Cambiaron los tiempos. Hoy me animo a decir que Boca quiere enfrentar a River en los playoffs, ya sea en los cuartos de final, en la semifinal o en la final, cuando toque. Y también me atrevo a decir que River no quiere enfrentarse con Boca en estas instancias.
A Boca los números le sonríen, los resultados y el juego también. Sin embargo, hay un pequeño asterisco: el equipo sufrió los primeros 15 minutos contra Defensa y Justicia.
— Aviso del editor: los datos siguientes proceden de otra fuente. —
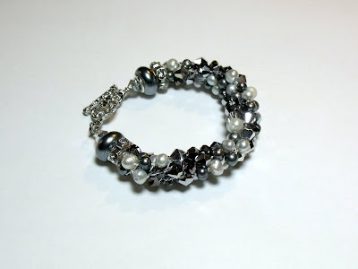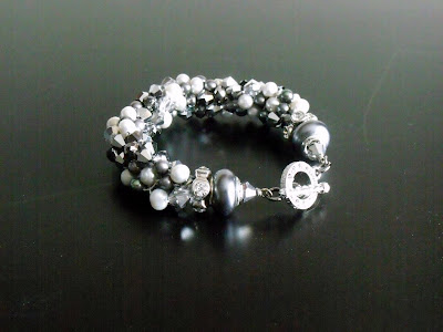 In case you missed the preview of this bracelet before it was finished, I loved the smoothness of these light and dark grey cultured pearls, and decided to try using them in a Kumi bracelet. I paired them with shiny sparkly metallic platinum colored bicones. I thought the round smoothness of the pearls would go good with the triangly smooth edges of the bicones. Some are metallic on all sides which really gives the bracelet extra sparkle, and some have a metallic and clear glass effect on one side, which add a slight feeling of depth and variety.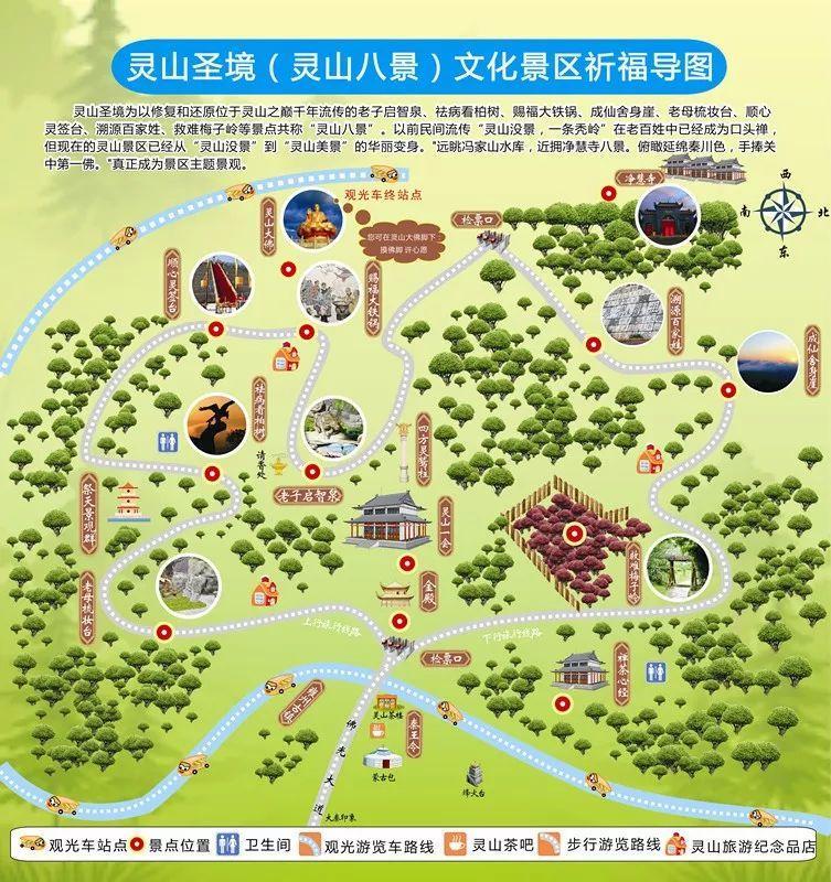 灵山古时松柏参天,奇花异木,灵禽怪鸟遍于山野。山中名景梅子岭、舍身崖、看柏树、牛犊泉与寺内铁佛、大锅、卧佛像、老母亭共称八景。每年四月初一的会期人山人海,香火鼎盛,久为西府名胜之首。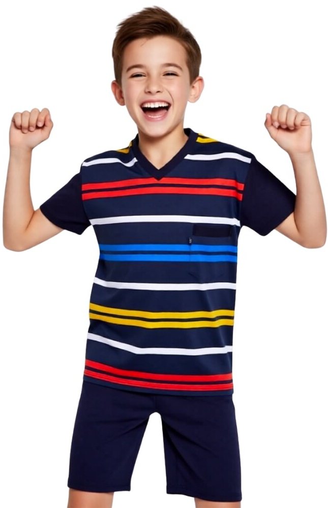 Dětské pyžamo úplet to je kvalitní pyžamo od firmy Foltýn. Moderní střih zaručující maximální pohodlnost. Vrchní díl má výstřih do U. Kalhoty jsou volné, v pase opatřené gumou v tunýlku, která se dá vyměnit. Dětské pyžamo úplet je vyrobeno z jemně česaného bavlněného úpletu ze 100 % bavlny. Tento materiál je vzdušný a velice příjemný. Způsob ošetřování: praní na 40°C, žehlení.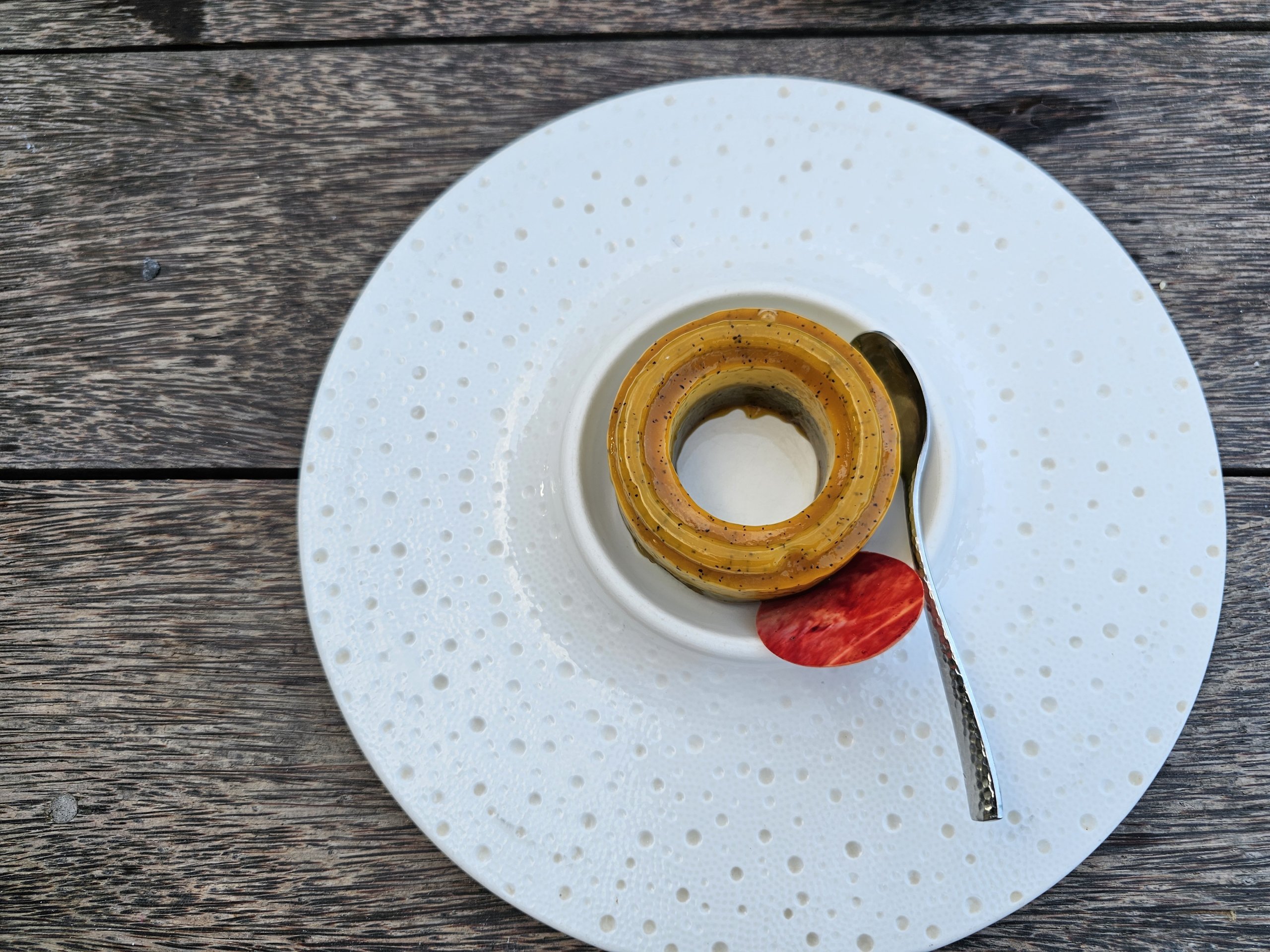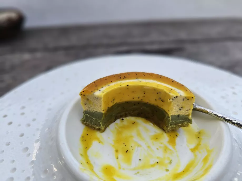 Mas a melhor parte foi sem dúvida a sobremesa. Provavelmente uma das melhores que já comi na minha vida. Encontra-a no menu com o nome Zanzibar Passion Ring e vai ter um bolo de creme de maracujá e pistácio. Brilhante.

En ese tramo, le metieron un gol que fue bien anulado por el VAR por una cuestión milimétrica, y para mí no le dieron un penal escandaloso a Defensa tras una jugada de Braida.
Más allá de ese pasaje, Úbeda creo que por primera vez mete un cambio espectacular: el ingreso de Ascacíbar por un Ángel Romero que todavía no terminó de llegar a Boca. Cuando entraron los titulares, el equipo brilló. Hubo puntos altos en Zeballos y Aranda, además de los goles de Bareiro y Merentiel.
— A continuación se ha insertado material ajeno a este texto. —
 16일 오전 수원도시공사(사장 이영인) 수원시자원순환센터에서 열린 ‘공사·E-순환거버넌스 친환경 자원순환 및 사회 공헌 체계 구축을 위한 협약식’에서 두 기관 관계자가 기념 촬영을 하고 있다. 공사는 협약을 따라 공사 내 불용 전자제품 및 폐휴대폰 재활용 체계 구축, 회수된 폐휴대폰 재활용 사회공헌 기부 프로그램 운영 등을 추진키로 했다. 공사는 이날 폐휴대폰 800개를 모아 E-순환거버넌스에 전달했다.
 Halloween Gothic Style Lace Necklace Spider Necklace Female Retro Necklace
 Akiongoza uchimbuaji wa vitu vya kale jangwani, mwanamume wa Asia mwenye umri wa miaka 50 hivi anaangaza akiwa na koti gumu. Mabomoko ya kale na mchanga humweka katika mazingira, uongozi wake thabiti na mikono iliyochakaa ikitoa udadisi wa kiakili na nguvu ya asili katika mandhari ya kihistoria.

Esto terminó demostrando que, para el fútbol argentino, Boca tiene prácticamente dos equipos: un plantel suplente que ganaba 1 a 0, y un equipo titular que termina ganando, goleando y gustando 4 a 0.
Volviendo al morbo de la posibilidad de un Superclásico en los playoffs, hoy Boca está fuerte. Es más, es el gran candidato a ganar el Apertura y salir campeón. Obviamente, todo lo que no sea sumar una nueva estrella será considerado un fracaso, más allá de la clasificación en la Copa Libertadores.
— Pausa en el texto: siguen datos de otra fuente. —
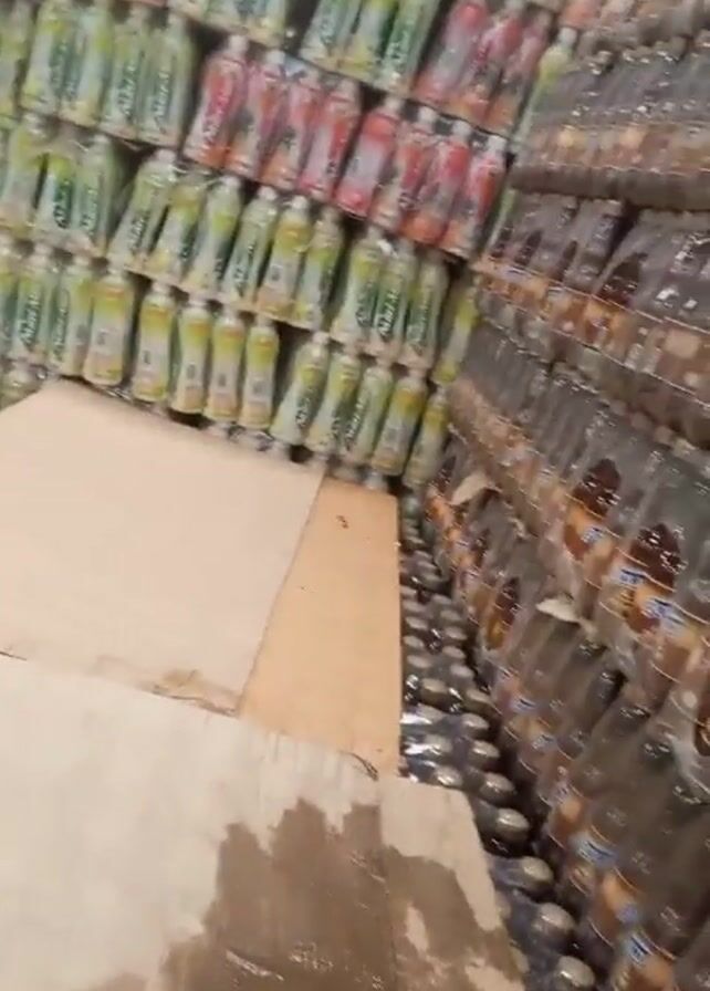 The video depicts a storage area or warehouse containing stacks of bottled beverages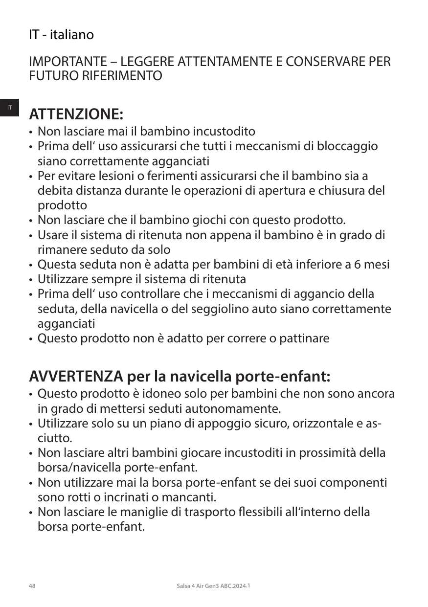 Scarica le istruzioni per il tuo Poussette 2en1 in formato PDF gratuitamente! Trova il tuo manuale SALSA 4 AIR - ABC DESIGN e riprendi in mano il tuo dispositivo elettronico. In questa pagina sono pubblicati tutti i documenti necessari per l'utilizzo del tuo dispositivo. SALSA 4 AIR del marchio ABC DESIGN.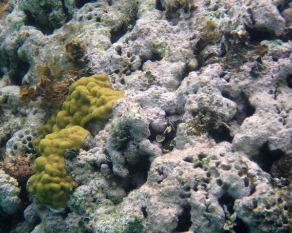southwestern San Salvador Island. Porolithon is a pinkish to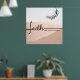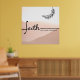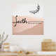 Mensagem poderosa Fé pode Mover Montanhas com fundo rosa, ramificação de oliveira e texto fluindo. Inspiração em qualquer sala. Citações bíblicas (Matthew 17:10) Download físico e digital.

En cambio, River está en duda. Se habla de los jugadores que se van y de los que llegan para intentar reforzar un plantel austero y no muy valioso que dejó Gallardo. Actualmente, hay problemas para el Chacho a la hora de clasificar y jugar los playoffs, y también para meter al equipo en la Copa Sudamericana.
Por eso, si hay un cruce en esta oportunidad, en este semestre del Apertura, Boca llega más fuerte. Es el candidato y, lo que es más importante, quiere jugar contra River. La historia cambió: hoy es River el que no quiere enfrentar a Boca en los playoffs, ni siquiera jugando en el Estadio Monumental.